**What the task requires**: Please copy the listing that follows exactly, leaving out any pictures.

*** Opening of Data shown ***

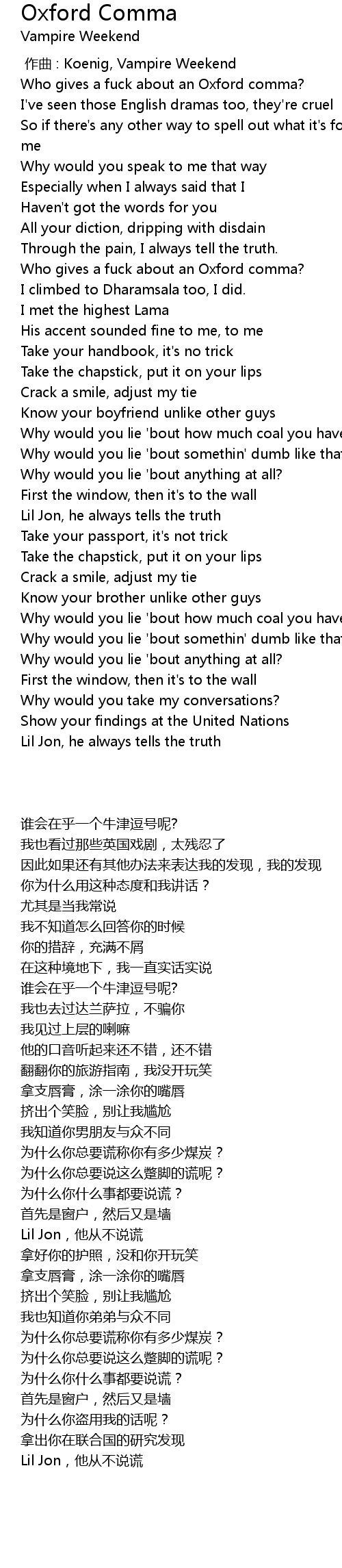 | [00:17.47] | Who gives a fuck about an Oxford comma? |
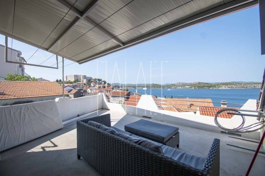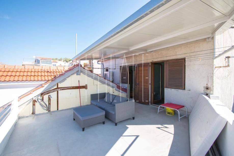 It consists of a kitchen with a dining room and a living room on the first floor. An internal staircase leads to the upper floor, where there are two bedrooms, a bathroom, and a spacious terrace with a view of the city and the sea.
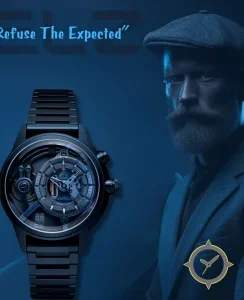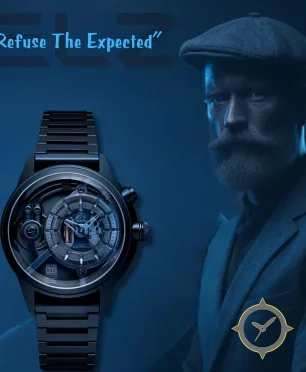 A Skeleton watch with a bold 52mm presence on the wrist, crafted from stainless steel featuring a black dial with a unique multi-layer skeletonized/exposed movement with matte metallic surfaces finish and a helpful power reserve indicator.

*** Close of Data shown ***

**Completed task**:
 | [00:17.47] | Who gives a fuck about an Oxford comma? |
 It consists of a kitchen with a dining room and a living room on the first floor. An internal staircase leads to the upper floor, where there are two bedrooms, a bathroom, and a spacious terrace with a view of the city and the sea.
 A Skeleton watch with a bold 52mm presence on the wrist, crafted from stainless steel featuring a black dial with a unique multi-layer skeletonized/exposed movement with matte metallic surfaces finish and a helpful power reserve indicator.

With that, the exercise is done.